Compounds and extracts from a number of plants have been shown to have allelopathic effects against L. multiflorum, though there are no reports of these being used on a commercial scale. Dry foliage extracts from leaves of Rhazya stricta collected in Saudi Arabia inhibited the germination and growth of L. multiflorum (Al-Mutlaq, 2001). Extracts from medium-grain fatty rice bran resulted in 30-96% stand reduction of L. multiflorum (Kuk et al., 2001). The n-hexane-, acetone- and water-soluble fractions from an aqueous acetone extract of lemon balm (Melissa officinalis) inhibited the germination and growth of L. multiflorum shoots and roots (Kato-Noguchi, 2001). Germination and shoot and root growth may also be inihibited by extracts from Evolvulus alsinoides (Kato-Noguchi, 2000). Seed germination of L. multiflorum has been shown to be reduced by aqueous extracts of Tribulus terrestris (Verdú et al., 1999).

Herbicide Resistance

Biotypes of L. multiflorum with evolved resistance to herbicides have been reported in Brazil, Chile, France, Italy, the UK and USA (Heap, 2003). In the UK, seeds were collected from fields in which diclofop-methyl had failed to control the grass. Glasshouse trials were performed on these accessions to determine their susceptibility to various herbicide treatments. Resistance to diclofop-methyl, fenoxaprop and fluazifop was detected, with some evidence of resistance to traloxydim and partial resistance to isoproturon (Moss et al., 1993). Diclofop resistance has also been reported in biotypes from wheat fields in Oregon, USA (Stanger and Appleby, 1989; Gronwald et al., 1992). These biotypes were susceptible to pre-emergence tri-allate + diuron or post-emergent applications of metribuzin and these have been recommended as alternatives for the control of L. multiflorum. Sulfometuron-resistant biotypes have been reported in Mississippi, USA (Taylor and Coats, 1996).
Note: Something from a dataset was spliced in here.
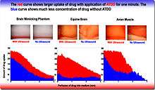 - Delivering chemotherapy to brain cancer cells and various drugs to other tissues is called acoustic targeted drug delivery (ATDD).[7] These procedures generally use high frequency ultrasound (1–10 MHz) and a range of intensities (0–20 W/cm2). The acoustic energy is focused on the tissue of interest to agitate its matrix and make it more permeable for therapeutic drugs.[8][9]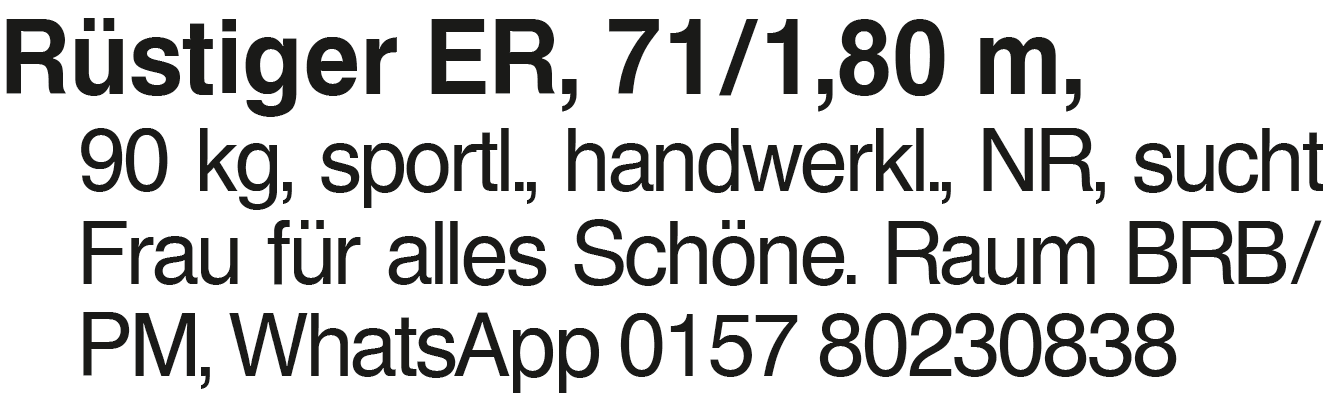 Rüstiger ER, 71/1,80 m, 9 Rüstiger ER, 71/1,80 m, 90 kg, sportl., handwerkl., NR, sucht Frau für alles Schöne. Raum BRB/ PM, WhatsApp 0157 80230838Das könnte Sie auch interessieren

Detailed studies of four resistant L. multiflorum populations in the UK identified resistance to diclofop-methyl, fluazifop-P-butyl, tralkoxydim and partial resistance to isoproturon (Cocker et al., 2001). In three of the populations, resistance was conferred by an enhanced rate of herbicide metabolism. A fourth population possessed an insensitive ACCase target site. An L. multiflorum biotype resistant to diclofop-methyl was investigated in France. It showed intermediate resistance to tralkoxydim and a small increase in tolerance to haloxyfop-methyl, quizalofop-ethyl, sethoxydim and cycloxydim (Prado et al., 2000). Such patterns of cross-resistance are not uncommon in L. multiflorum and other grass weeds.

Of greater concern is the recent confirmation of evolved resistance to glyphosate in an L. multiflorum biotype from a Chilean orchard (Perez and Kogan, 2003).

Biological Control

The potential for biological control of L. multiflorum as a weed has not been investigated due to the economic importance of this species as a forage grass.